Penelope Houston © Guardian.

Writing in A Critical Century published in 2013 to mark our centenary.

“Cinema was the art of the last century, not of this one. There is an undoubted sense of change in the air, a fin de siecle mood which is at least interesting though not productive. But I think one would need the optimism of an ostrich to start a career in film criticism today, the only certainty being that many hours would be wasted watching comic book adventures designed for 15 year old boys. A cinema that can fake anything may be losing touch with its own truths.

“There has always been an unholy alliance betyween the press and film publicists, the danger point coming when a reviewer might be seen as slipping into a publicist’s role.
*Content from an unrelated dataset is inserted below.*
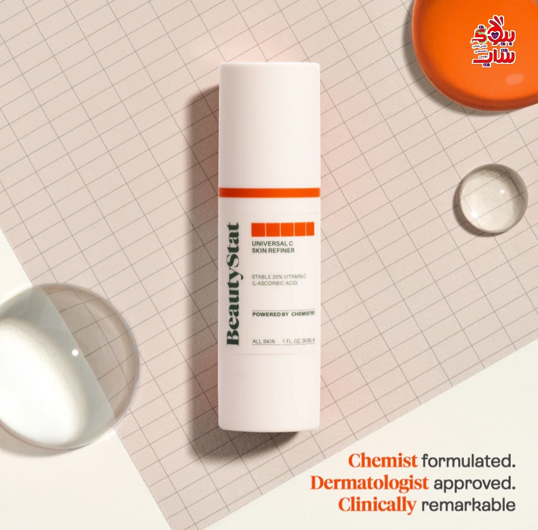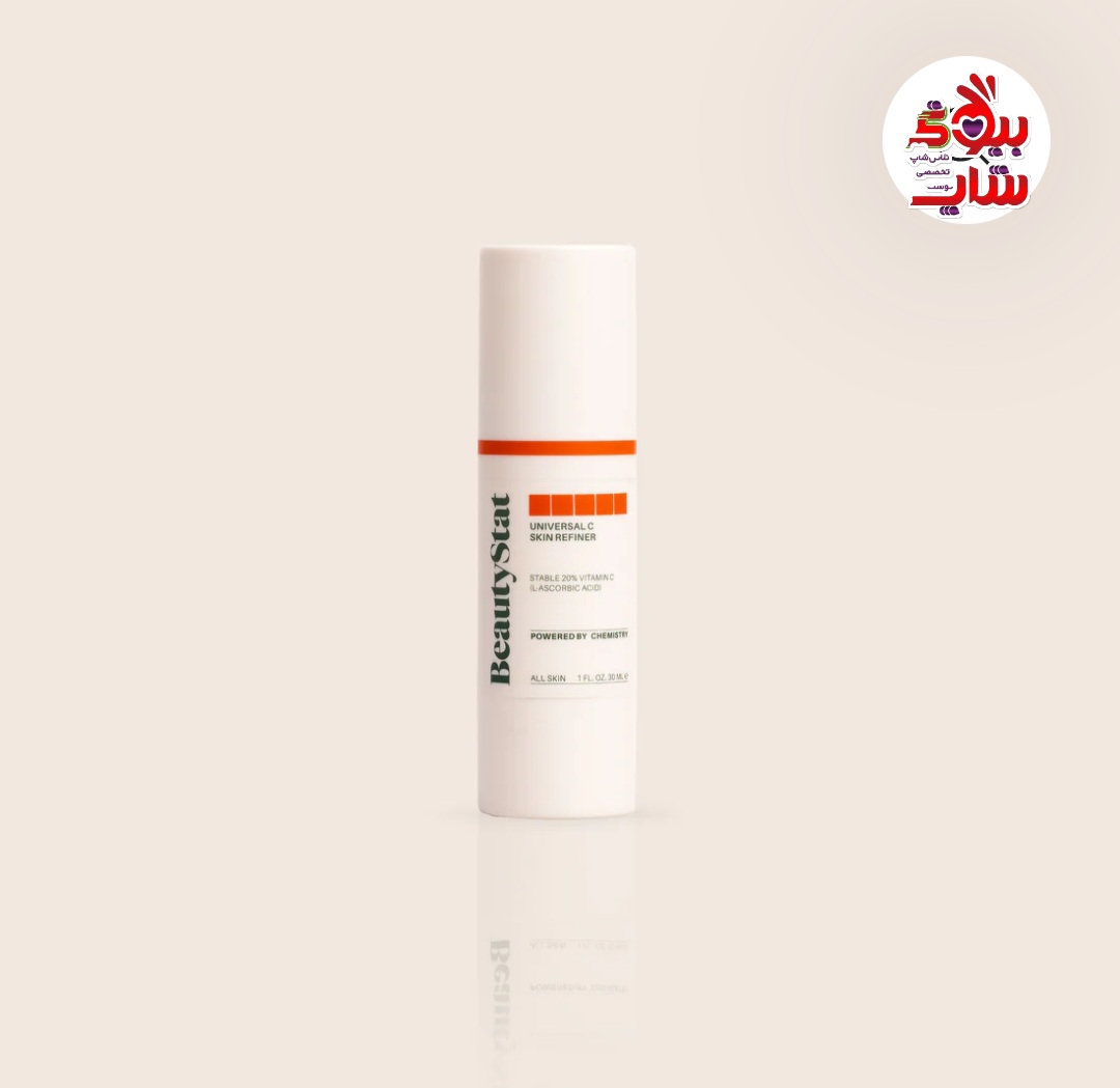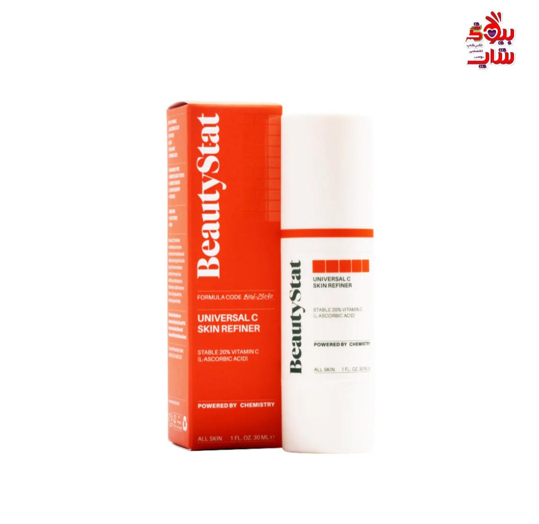 WHAT IT IS? The BeautyStat masters of innovation in Vitamin C, helmed by Ron Robinson, have translated their pure and stable 20% L- Ascorbic acid into a groundbreaking new category they call "Brightenaging"- where advanced brightening meets powerful anti- aging action. Introducing our next-gen Universal C Skin Refiner, now supercharged with a synchronistic combination of peptides that amplifies rejuvenation benefits with our Chem-C" Technology. Our dual-action formula of triple-patented one-of-a-kind Vitamin C unites with r powerful peptides *O strengthen our formulation, delivering improved firming and smoothing benefits while our signature 20% pure L-Ascorbic acid targets stubborn dark spots, uneven tone, and hyperpigmentation. Innovative hyaluronic acid powder creates an instant plumping effect on skin's surface, working inharmony with our enriched chemistry of ceramides andpomegranate sterols tohelp soothe and comfort the skin barrier, optimally balancing our active and potent concentration of vitamin Experience our most advanced formulation yet: dramatically even, brightened skin that appears lifted, plump, and firm with continued use.

I think critics were feeble, if not slightly suicidal, to accept a star system whose purpose seems to be to save the terminally lazy the trouble of reading and to produce free ammunition for the publicists. A reviewer becomes a tipster marking your card on a racecourse.

“It is rather like those last words uttered by Bette Davis in Now Voyager, “Don’t ask for the review – we’ve got the stars.”

When I joined the Circle I wasn’t very aware of what it did, apart from settling squabbles about press show arrangements. I do remember the Film section laying on a lunch for Hitchcock at which the great man had nothing much to say, but Mrs Hitchcock was delightfully informative.

The film critics were always a mixed bunch with a few people who seemed to have been parked in the film columns by editors who didn’t know what to do with them. I remember Alan Brien telling me that Beaverbook expected his critics to tell the film’s story and throw in a few jokes. The idea was that readers who hadn’t seen a film wouldn’t be at a loss when talking to those who had – criticism as a social service!”